The script experiments/run_all.sh contains a complete list of all the commands that generate the experiments presented in the paper.
Run 'sudo docker images'
and verify that there are four images turbo, timescaledb, redis and redisai.
Setup TimescaleDB by creating the databases and hypertables. Use the following command:
sudo docker exec -i timescaledb psql -U postgres < packaging/timescaledb.sql
If you have changed the default addresses of TimeScaleDB, Redis and RedisAI in the previous steps then update the addresses inside these configuration files, too: turbo/config/turbo_system_eval_monoblock_covid.json
and turbo/config/turbo_system_eval_monoblock_citibike.json
. They will be used by experiments that evaluate the system's runtime performance!
Now, reproduce all Turbo experiments by running the turbo docker with the following command:
sudo docker run -v $PWD/logs:/turbo/logs -v $PWD/turbo/config:/turbo/turbo/config -v $PWD/temp:/tmp --network=host --name turbo --shm-size=204.89gb --rm turbo experiments/run_all.sh
This step takes around 12 hours to finish.

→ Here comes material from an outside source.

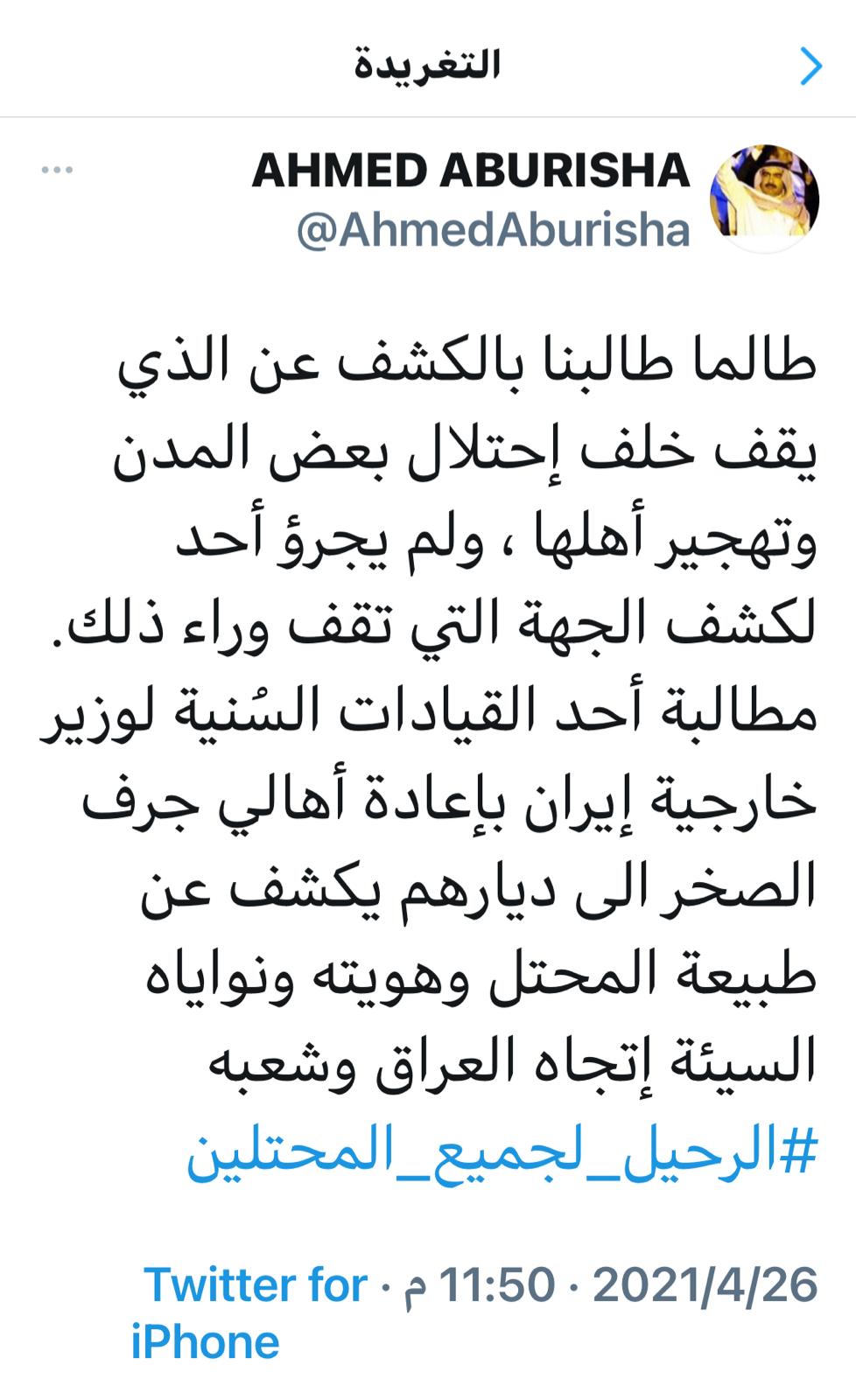 الشيخ ابو ريشة: مطالبة احد القيادات السنية لوزير الخارجية الايراني اعادة اهالي جرف الصخر يكشف طبيعة المحتل ونواياه السيئة

Make sure that the turbo container has enough disk space at /tmp
which Ray uses to store checkpoints and other internal data. If that's not the case then mount the /tmp
directory on a directory that has enough space.
For example, use an additional -v flag followed by the directory of your choice:
-v $PWD/temp:/tmp
With the -v
flag we mount directories turbo/logs
and turbo/config
from the host into the container so that we can access the logs from the host even after the container stops and also allow for the container to access user-defined configurations stored in the host.
Alternatively, you can also run experiments from experiments/run_all.sh individually. You can enter the Turbo container:
sudo docker run -v $PWD/logs:/turbo/logs -v $PWD/turbo/config:/turbo/turbo/config -v $PWD/temp:/tmp --network=host --name turbo --shm-size=204.89gb -it turbo
and simply type the python command from experiments/run_all.sh that corresponds to the experiment you want to reproduce.
For example the following command runs the experiment for Figure 8.a:
python experiments/runner.cli.caching.py --exp caching_monoblock_heuristics --dataset covid19
If you want to bypass runner.cli.caching.py
you can directly call the simulation entrypoint with your configuration file as an argument.
For example the following command runs the experiment for Figure 10.d:
python run_simulation.py --omegaconf turbo/config/turbo_system_eval_monoblock_covid.json
Make sure that you clean the state of Postgres/Redis after usage before you start an experiment anew.
You can do it manually or simply use the packaging/storage_utils.py
helper functions:
python packaging/storage_utils.py --omegaconf turbo/config/turbo_system_eval_monoblock_covid.json --storage "*" --function delete-all --database covid
Set the --database
argument to covid or citibike, depending on which dataset you used for the experiment.
Note that, for system's performance evaluation we bypass runner.cli.caching.py
since we do not wish to parallelize the experiments.
run_simulation
is the official entrypoing for running microbenchmarks under controlled simulation settings.
The experiments/runner.cli.caching.py script will automatically analyze the execution logs and create plots corresponding to the figures presented in the paper.
Note that the terminology used in the labels might differ slightly from that used in the paper.
Typically, you will see that here we refer to Turbo
as Hybrid
which is an alternative name we use internally to describe Turbo.
Check the logs/figures
directory for all the outputs.
Note that for figure_10 (runtime performance) we output the results in a text format (figure_10.txt) here instead of a barplot.